06/14/2026
A message from Dave Anderson, PhD. Child Mind Institute
Here are a few tips for supporting your child’s mental health and your own:
• Get kids used to talking about feelings before there’s a problem. Talking openly and regularly about emotions helps normalize mental health, so it feels less scary or shameful when something harder comes up. Low-pressure moments — a car ride, a meal, a weekend with less going on — are good times to check in.
• Show kids how you cope — don’t just tell them what to do. Kids pick up coping habits by watching the adults around them, so name your own feelings and what you do about them out loud: “That call stressed me out, so I’m going to take a few deep breaths and walk around the block.” Leading by example tends to land better than instructions.
• Taking care of your mental health is part of parenting, not a luxury. Managing your own stress is one of the best ways to keep your kids from absorbing it, and tending to your well-being shows them that practicing mental health care is something grown-ups do, not just something we tell kids to do.
• When upsetting news comes up, help kids process it. If something frightening is in the news, it’s better for kids to hear it from you — calmly, with the facts — so you can set the emotional tone.

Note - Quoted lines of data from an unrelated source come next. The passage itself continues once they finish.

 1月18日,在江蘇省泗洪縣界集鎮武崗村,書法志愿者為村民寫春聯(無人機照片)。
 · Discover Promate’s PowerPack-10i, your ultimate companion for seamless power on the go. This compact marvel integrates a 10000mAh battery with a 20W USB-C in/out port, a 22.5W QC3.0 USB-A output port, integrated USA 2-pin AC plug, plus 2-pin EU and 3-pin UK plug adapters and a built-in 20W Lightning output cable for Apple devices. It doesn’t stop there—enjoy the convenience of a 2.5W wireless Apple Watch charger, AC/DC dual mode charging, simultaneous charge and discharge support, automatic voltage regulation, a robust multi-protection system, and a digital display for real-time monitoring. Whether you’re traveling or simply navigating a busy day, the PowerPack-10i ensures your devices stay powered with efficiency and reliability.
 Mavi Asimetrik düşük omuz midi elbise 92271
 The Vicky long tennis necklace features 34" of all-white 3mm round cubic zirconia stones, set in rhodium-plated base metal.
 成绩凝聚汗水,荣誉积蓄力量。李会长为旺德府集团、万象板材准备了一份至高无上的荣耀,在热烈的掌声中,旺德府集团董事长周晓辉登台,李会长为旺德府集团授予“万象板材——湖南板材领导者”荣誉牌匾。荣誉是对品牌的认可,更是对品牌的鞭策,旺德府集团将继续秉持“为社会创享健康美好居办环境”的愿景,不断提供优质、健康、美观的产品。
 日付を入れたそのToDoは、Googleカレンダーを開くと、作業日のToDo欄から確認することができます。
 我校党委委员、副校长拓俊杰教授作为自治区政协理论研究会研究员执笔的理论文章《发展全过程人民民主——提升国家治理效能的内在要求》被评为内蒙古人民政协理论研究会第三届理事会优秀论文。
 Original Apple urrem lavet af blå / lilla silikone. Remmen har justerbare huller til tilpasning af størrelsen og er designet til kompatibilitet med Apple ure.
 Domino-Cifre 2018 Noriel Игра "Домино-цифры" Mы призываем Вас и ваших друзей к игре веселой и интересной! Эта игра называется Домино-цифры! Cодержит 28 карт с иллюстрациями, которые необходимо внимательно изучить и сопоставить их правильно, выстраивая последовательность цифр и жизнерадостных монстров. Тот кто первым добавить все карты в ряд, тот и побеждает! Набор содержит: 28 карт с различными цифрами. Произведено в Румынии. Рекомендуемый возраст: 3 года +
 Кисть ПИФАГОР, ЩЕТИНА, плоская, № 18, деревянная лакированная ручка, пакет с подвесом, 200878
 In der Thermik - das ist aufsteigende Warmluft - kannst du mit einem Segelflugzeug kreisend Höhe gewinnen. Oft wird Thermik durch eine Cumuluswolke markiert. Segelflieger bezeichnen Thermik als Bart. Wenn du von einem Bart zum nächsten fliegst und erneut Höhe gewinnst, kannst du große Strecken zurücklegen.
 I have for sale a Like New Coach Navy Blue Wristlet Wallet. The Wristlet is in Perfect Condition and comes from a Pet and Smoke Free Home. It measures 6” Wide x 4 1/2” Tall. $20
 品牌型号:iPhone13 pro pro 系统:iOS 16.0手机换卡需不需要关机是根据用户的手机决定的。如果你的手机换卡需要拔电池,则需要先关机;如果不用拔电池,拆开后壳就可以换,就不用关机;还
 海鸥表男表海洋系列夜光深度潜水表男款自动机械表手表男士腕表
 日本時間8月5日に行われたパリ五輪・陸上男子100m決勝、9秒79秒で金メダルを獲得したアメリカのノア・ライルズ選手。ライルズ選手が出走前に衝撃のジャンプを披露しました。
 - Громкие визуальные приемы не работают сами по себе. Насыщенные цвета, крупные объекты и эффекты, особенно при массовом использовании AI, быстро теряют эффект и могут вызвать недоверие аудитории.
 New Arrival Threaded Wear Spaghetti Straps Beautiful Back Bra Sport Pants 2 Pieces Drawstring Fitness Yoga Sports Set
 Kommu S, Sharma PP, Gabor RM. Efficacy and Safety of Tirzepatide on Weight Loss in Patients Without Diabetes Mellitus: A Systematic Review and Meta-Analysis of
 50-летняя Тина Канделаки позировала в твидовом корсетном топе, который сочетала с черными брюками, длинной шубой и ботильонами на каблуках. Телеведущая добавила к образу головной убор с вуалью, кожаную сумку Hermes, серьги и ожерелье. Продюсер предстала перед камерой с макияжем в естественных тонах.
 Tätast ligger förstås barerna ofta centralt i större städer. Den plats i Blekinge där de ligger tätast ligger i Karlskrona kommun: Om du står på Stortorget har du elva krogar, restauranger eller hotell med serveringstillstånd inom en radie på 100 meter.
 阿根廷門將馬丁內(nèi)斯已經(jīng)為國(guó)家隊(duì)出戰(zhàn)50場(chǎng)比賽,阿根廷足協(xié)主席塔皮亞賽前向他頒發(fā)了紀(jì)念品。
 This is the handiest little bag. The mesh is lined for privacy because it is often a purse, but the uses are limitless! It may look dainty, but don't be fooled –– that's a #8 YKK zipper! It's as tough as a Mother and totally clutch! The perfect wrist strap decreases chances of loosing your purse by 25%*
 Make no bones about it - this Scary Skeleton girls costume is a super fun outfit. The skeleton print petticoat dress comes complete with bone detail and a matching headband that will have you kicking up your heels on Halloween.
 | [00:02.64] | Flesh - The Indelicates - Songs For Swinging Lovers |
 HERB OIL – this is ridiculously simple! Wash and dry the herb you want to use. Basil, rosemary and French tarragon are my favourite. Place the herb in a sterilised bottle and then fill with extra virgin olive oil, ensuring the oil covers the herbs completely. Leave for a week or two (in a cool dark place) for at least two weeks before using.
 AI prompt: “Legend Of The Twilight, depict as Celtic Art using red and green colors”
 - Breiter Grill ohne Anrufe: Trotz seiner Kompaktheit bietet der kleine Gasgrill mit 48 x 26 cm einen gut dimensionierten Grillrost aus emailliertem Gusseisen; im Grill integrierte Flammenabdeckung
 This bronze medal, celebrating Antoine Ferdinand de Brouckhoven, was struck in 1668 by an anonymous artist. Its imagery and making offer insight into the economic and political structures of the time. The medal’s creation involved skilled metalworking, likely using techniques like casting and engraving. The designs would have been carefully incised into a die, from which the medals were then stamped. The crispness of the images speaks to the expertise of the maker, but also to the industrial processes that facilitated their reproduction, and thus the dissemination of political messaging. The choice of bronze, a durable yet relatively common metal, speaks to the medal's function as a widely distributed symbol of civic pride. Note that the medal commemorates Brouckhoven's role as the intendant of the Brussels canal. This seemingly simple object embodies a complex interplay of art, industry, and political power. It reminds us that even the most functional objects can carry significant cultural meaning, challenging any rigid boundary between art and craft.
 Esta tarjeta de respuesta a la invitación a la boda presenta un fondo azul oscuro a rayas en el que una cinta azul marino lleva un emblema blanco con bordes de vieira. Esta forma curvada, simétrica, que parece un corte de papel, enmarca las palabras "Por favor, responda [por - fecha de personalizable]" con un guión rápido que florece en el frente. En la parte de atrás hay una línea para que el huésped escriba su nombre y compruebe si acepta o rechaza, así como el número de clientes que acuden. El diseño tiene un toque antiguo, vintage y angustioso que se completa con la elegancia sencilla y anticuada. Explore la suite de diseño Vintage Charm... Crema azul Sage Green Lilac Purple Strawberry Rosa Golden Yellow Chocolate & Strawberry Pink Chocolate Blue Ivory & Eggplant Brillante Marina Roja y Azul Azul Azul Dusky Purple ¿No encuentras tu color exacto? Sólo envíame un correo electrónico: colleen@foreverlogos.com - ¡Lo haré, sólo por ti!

Invite them to share what they’ve already heard, answer their questions honestly, and let them know their feelings make sense.
• Take their online life seriously and stay curious about it. Rather than dismissing social media’s impact, check in regularly and ask your kids to notice how particular apps, feeds, and comments make them feel — then encourage them to step back from the ones that consistently leave them feeling worse.
Be kind to yourself. You’re doing a great job.